Abstract:
A method of fattening fowls comprising the step of administrating one or more running neuron inhibitory substance(s) is provided. Especially, a method of fattening fowls is provided, wherein fowls are administrated by a substance selected from the group consisting of GABA B  receptor agonist, GABA A  receptor agonist, GABA A  receptor enhancer, kainate receptor antagonist and a combination thereof or fowls are provide with a feed comprising the substance or a combination thereof.

Description:
BACKGROUND OF THE INVENTION  
         [0001]    The present invention is directed to a method of fattening fowls and to a method of increasing a feed efficiency for fowls.  
           [0002]    To fattening fowls, methods have been taken in which their motility was reduced by physically restricting their liberty such as confining them in a narrow space in combination with compulsive ingestion of a large amount of feed. Even in such cases, however, it has been generally known that fowls may consume the overtaken energy not by intentional behaviors but by non-intentional behaviors such as twitchily shaking themselves or by jiggling their heads, which would not lead to the expected results.  
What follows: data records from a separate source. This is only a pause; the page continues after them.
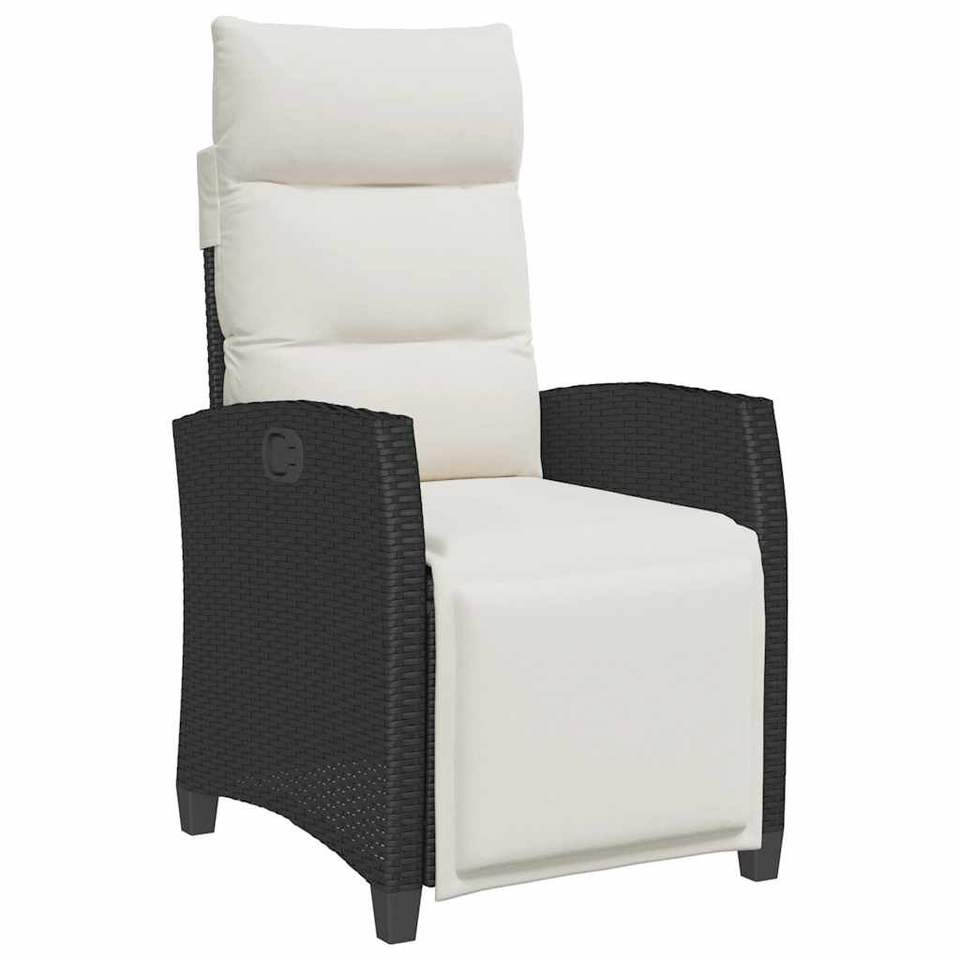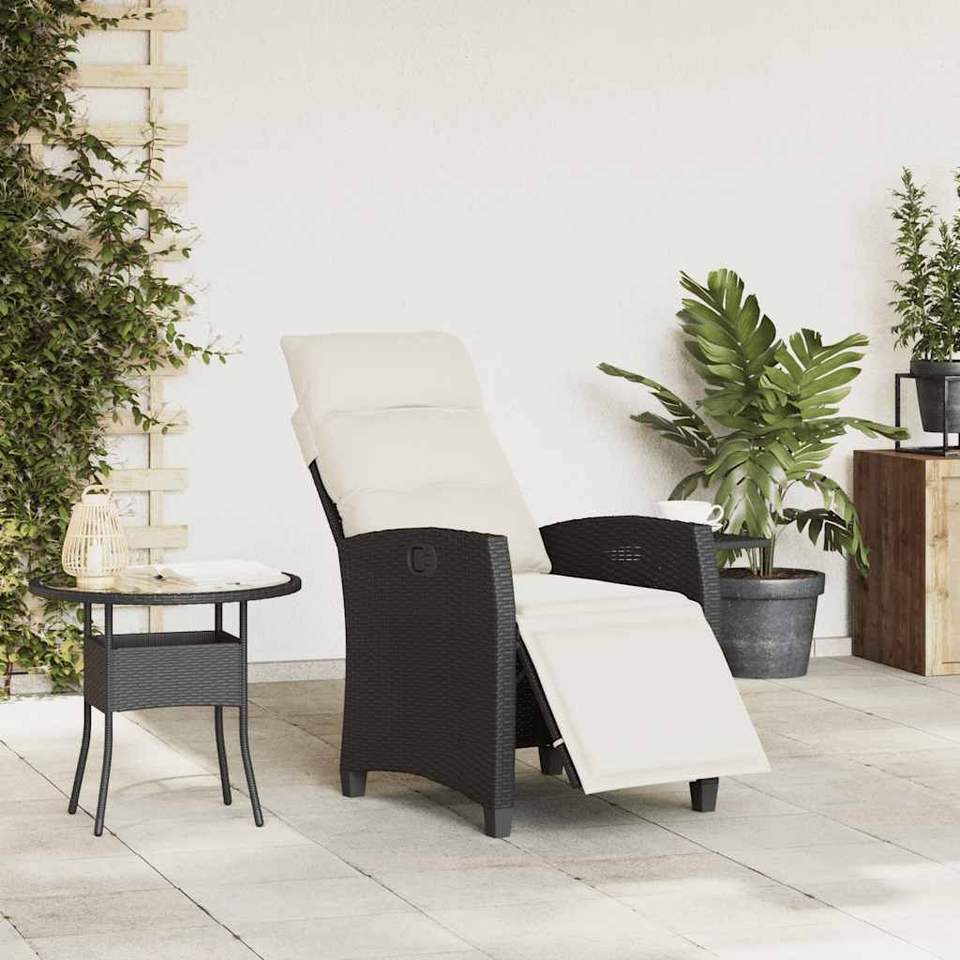 เก้าอี้พักผ่อนกลางแจ้งขนาดกลาง สีดำ ทำจากหวาย PE พร้อมโครงเหล็กเคลือบสีฝุ่น ดีไซน์หรูหรา
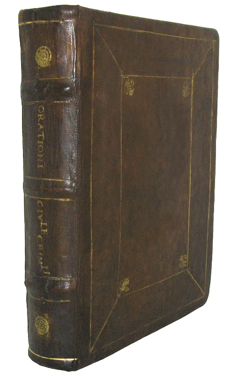 Cm. 22,5, pp. (16) 483 (1). Bel marchio tipografico al frontespizio (ripetuto in piccolo all'ultima carta), numerose testatine, finalini e capilettera xilografici. Bellissima legatura coeva in pieno marocchino color granata; dorso a 3 nervi con titoli e filetti in oro, piatti inquadrati da filetti con 4 fregi dorati floreali. Abile intervento professionale di consolidamento di cuffie e cerniere, sguardie rinnovate in carta antica, minimi restauri conservativi al margine bianco delle ultime tre carte. Arrossature sparse e lievi aloni limitati al margine esterno bianco della seconda parte del volume. Esemplare nel complesso fresco e ben conservato, stampato su carta pesante distinta. Remigio Nannini (1521-1581), fiorentino di nascita fu frate domenicano di Santa Maria Novella, ma visse quasi sempre a Venezia; figura culturalmente eclettica, fu poeta, traduttore, scrittore politico, editore e abile oratore. Quest'interessante raccolta di testi di storia giuridico-politica include tra gli altri i seguenti autori: Dione, Senofonte, Dionigi di Alicarnasso, Quinto Curtio, Appiano Alessandrino, Tito Livio, Sallustio, Egesippo, Procopio di Cesarea, Saffon Grammatico, Leonardo Bruni Aretino, Poggio Bracciolini, Paolo Emilio da Verona, Corio Bernardino, Agostino Giustiniano, Capella Galeazzo e Paolo Giovio. Curiosa l'omissione dal frontespizio del nome di Machiavelli (profusamente menzionato), i cui brani dalle "Istorie Fiorentine" non sono preliminarmente indicati a causa del sospetto che già al tempo avvolgeva le opere del grande scrittore politico fiorentino. Rara prima edizione. Cfr. Iccu; Bongi, Annali di Gabriel Giolito de' Ferrari, II, pp.125-126; Adams, O-242; Gamba, 1545.
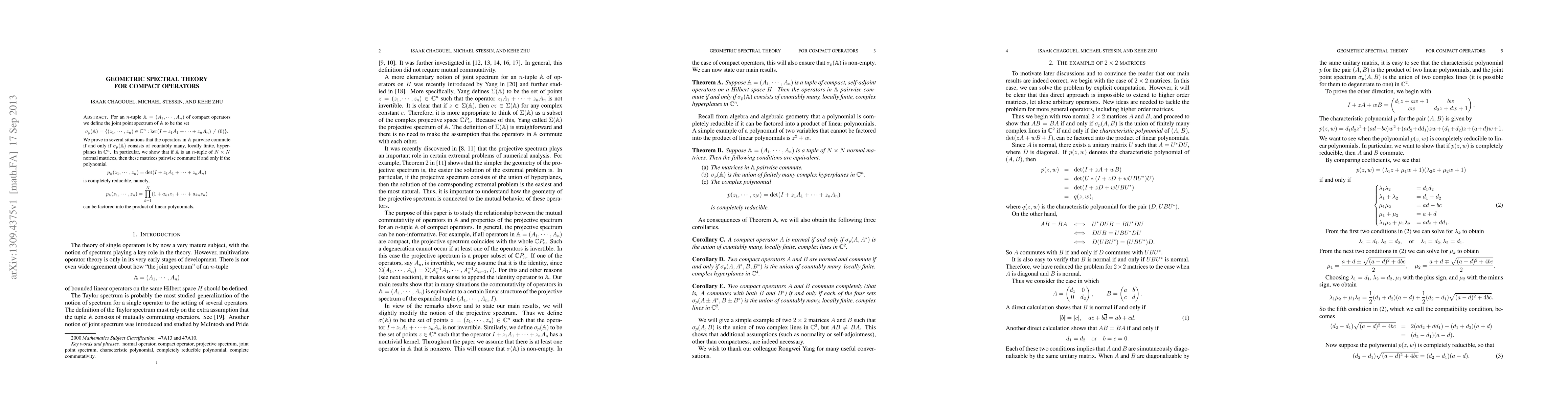 We introduce a notion of joint spectrum for a tuple of compact operators on a separable Hilbert space and show that in many situations these operators commute if and only if the joint spectrum consists of countably many, locally finite, complex hyperplanes. In particular, we show that normal matrices (of the same size) $A_1,\cdots,A_n$ commute if and only if the polynomial $\det(z_1A_1+\cdots+z_nA_n+I)$ is completely reducible, that is, it can be factored into a product of linear polynomials.
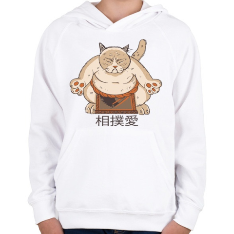 1 kép PRINTFASHION Szumós macska - Gyerek kapucnis pulóver - Fehér
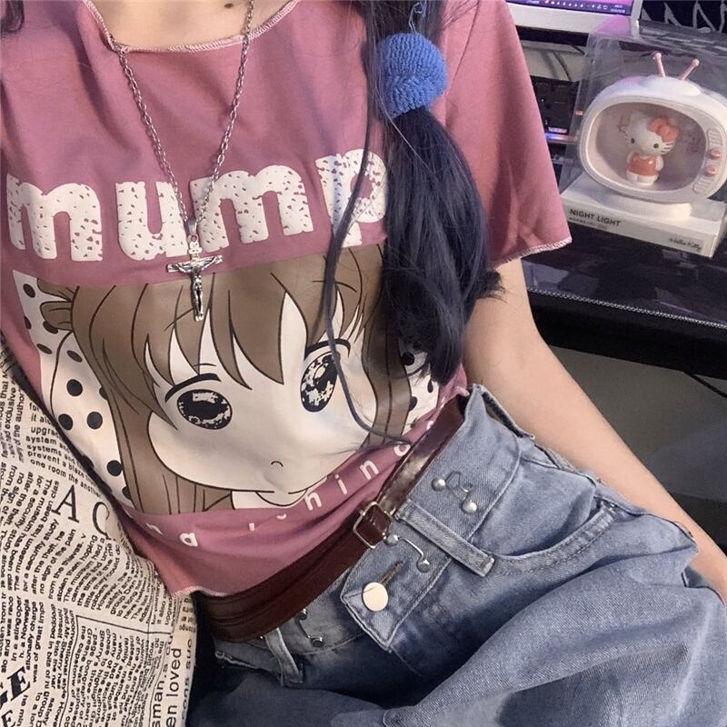 Tシャツレディース夏服韓国ファッショントレンドプリント柄ショートルーズトップス 大人ガーリー スウィート キュート カジュアル 夏物 スタイル デーモン81981634263
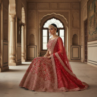 Brocade lehenga bridal fashion kneeling in royal hall google gemini prompt
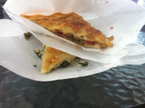 Penzo and I decided to take a break from the breakky burgers (to spread our business around) and we breakfasted on home made Borek; Eggplant/Capsicum and Spinach/Feta.
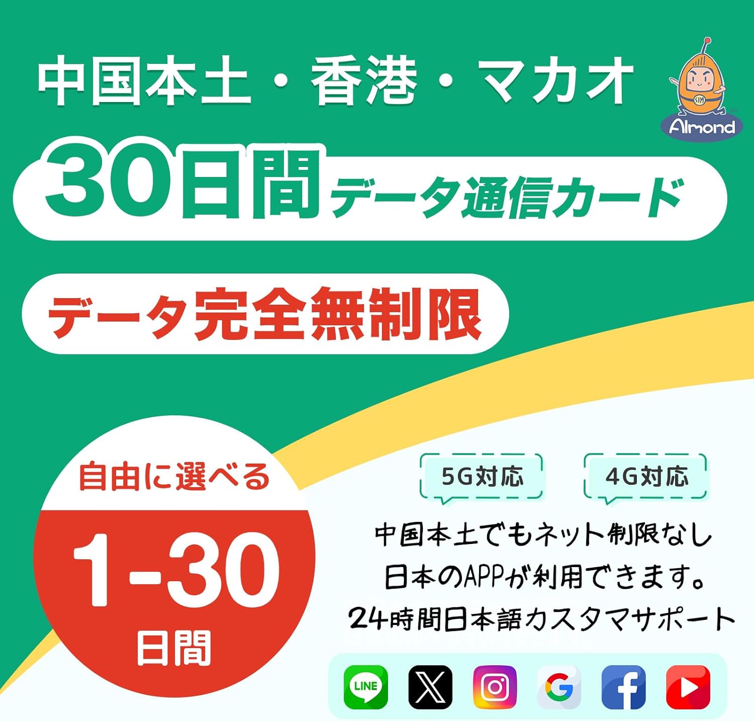 Almond eSIM【Almond SIM】中国本土 simcard 15/20/30日間 高速データ通信 完全無制限 香港 マカオにも利用可能1-30日間選択可能 中国ネット規制対象外
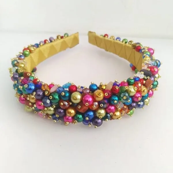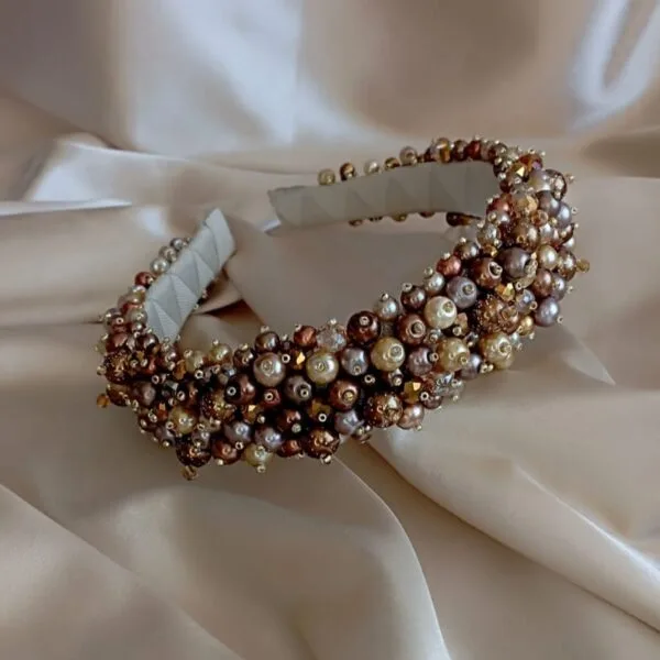 Esta exquisita diadema está elaborada con piedras Miyuki, perlas, mostacillas y accesorios decorativos, creando un accesorio que destaca por su belleza y detallado diseño.Una obra de arte disponible en dos elegantes colores: plateado y dorado.

           [0003]    On the other hand, independent of the development of such methods of fattening fowls, many investigations have been focused on the running activity, especially on the night running activity, during the studies of the central nervous systems responsible for motility. For example, the inventors of the present invention reported that when the ventromedial nucleus of hypothalamus (hereinafter it may be referred to as “VMH”) of rat was stimulated by water absorbent polymers, the running activity of rat was induced by the pressure stimulus (Yokawa, et. al., Physiology &amp; behavior (1989), 46, 713-717). In this report, signals from VMH were indicated to be required for the induction of running activity in rat, based on the observation that the running activity did not occur when VMH region had been excised from the animals. Additionally, the inventors demonstrated that the foregoing induction of rat running activity caused by polymers could be inhibited by administration of GABA (γ-aminobutyric acid)(Yokawa, et al., Physiol. &amp; Beav. (1990), 47, 1261-1264).  
           [0004]    The inventors also reported that the running activity in rat was induced by kainate receptor agonists (Narita et al., Brain Res. (1993), 603, 243-247). According to this report, the running activity in rat was induced by kainate and was not inhibited by GABA, but was inhibited by DNQX (6,7-dinitroquinoxaline-2,3-dione), a kainate receptor antagonist, which suggests that neuron which is indirectly controlling the running activity in rat may be stimulated through kainate receptors and that GABA A  receptors presynaotically inhibit the neuron controlling the running activity in rat against the kainate receptors.  
           [0005]    On the other hand, for GABA B  receptors, it has been also reported that substances having the competitive inhibitory activity against GABA B  receptors are likewise useful in treatment of diseases accompanied by convulsion, Alzheimer&#39;s disease or memory retention disorder (Japanese unexamined publication, JP 4-243853). However little has been known about the involvement of GABA A  receptors in motility.  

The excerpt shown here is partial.